The 1708 Battle of Kanzhal is important for many Kabardians as it marked the end of incursions by the Crimean Khanate, a Turkic vassal state of the Ottoman Empire, into Kabardians’ historic state, Kabardia. Some Balkars argue that the battle never happened. Kabardia was fully annexed by the Russian Empire in the early 19th century during the Russian conquest of the Caucasus.
According to several historians interviewed by Caucasian Knot, the historical dispute conceals the real reason for the conflict — an old land issue, where local Balkars fear that Kabardians are using the Battle of Kanzhal instrumentally to make a claim to pastures on Mount Kanzhal.
In 2008, on the 300th anniversary of the Battle of Kanzhal, residents of Kyondelen also prevented Kabardian horsemen from passing through the village. Kabardino-Balkaria’s then-president, Arsen Kanokov condemned the organisers of the march at the time for trying to ‘destabilise’ the republic.
The standoff
On 18 September, a day after the horsemen were prevented from passing through and bypassed Kyondelen through the mountains, several hundred Kabardians, mostly residents of the neighbouring village of Zayukovo, arrived at the village.
Carrying Circassian flags, they broke through a police cordon and entered Kyondelen, walking through its central street. A group of Balkar women prevented them from leaving the village.

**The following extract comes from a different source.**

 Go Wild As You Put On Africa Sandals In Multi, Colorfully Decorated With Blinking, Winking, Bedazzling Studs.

A brawl subsequently broke out with two participants requiring hospitalisation.
Aslan Kardanov, an ethnic Kabardian resident of the village of Zayukovo who witnessed the confrontation, told OC Media that young people from Zayukovo and other Kabardian activists insisted that the horsemen return directly through Kyondelen.
He said they wanted ‘the authorities and Balkar elders to explain why Kabardians can’t walk through Kyondelen while Balkars can celebrate their return from Stalin’s exile [in 1957] in ethnic Kabardian villages and in Nalchik’.

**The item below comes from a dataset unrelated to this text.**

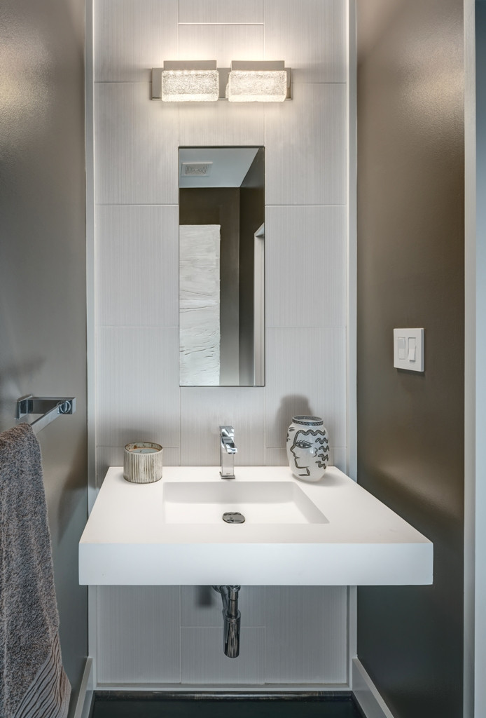 Consider a dark earth tone, such as deep brown or charcoal gray. While i generally prefer neutral colors for the main living areas of the home (with pops of color in the accessories to jazz things up), the one place that i love to go vibrant on is the powder room. Restyling a powder room in a brand new home And to make the powder room look more appealing, hang a mirror with distinctive design over the pedestal.

A source in Kabardino-Balkaria’s police told OC Media the activists turned back, but decided to gather the next day to ‘ensure the unhindered return’ of the horsemen through the village. Groups of Kabardians and Balkars spent the night camping outside the entrance to the village.
‘We tried to convince them not to do this, [saying] that the authorities themselves would settle everything, but these young people still decided to gather’, the source said.

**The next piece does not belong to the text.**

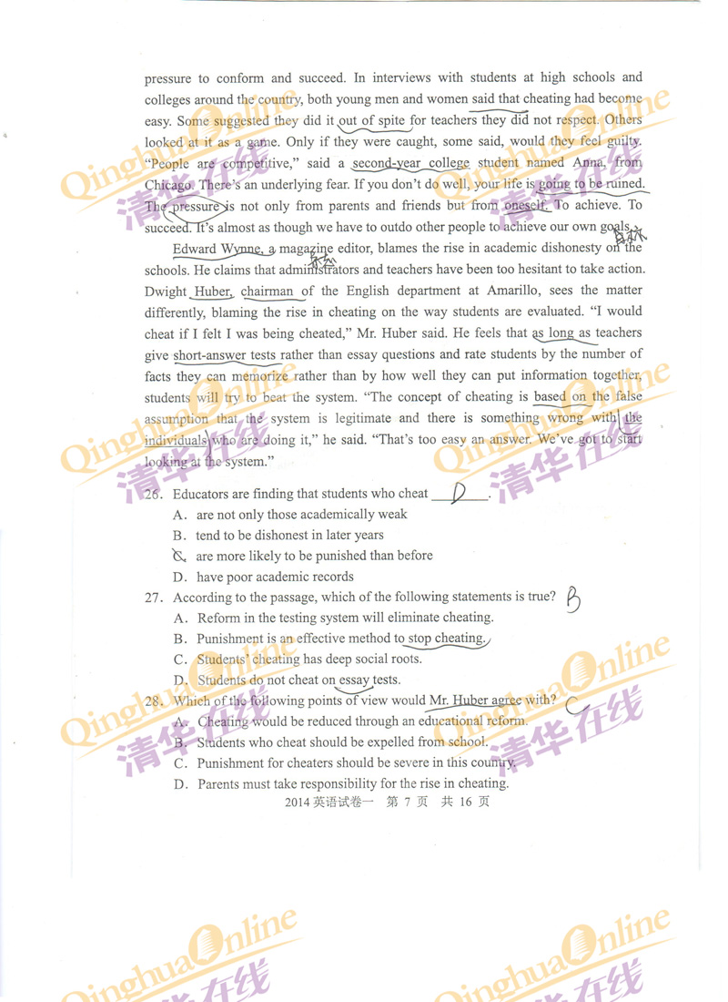 2014同等学力申硕英语答案(网友版)(7)

On 19 September, the leader of the horsemen, Ibragim Yaganov, told OC Media that they had returned to their homes without passing through Kyondelen.
On the same day, Kabardian activists clashed with police in Zayukovo and at the police checkpoint near the nearby town of Baksan.
‘Politicisation of history’
Former president of Kabardino-Balkaria, Arsen Kanokov, wrote on his Facebook page that ‘for some’ the conflict was ‘a pretext for aggravating the situation in the region in order to drive a wedge between two friendly nations […] There must be a thorough trial and those guilty of creating the conflict must be brought to justice’.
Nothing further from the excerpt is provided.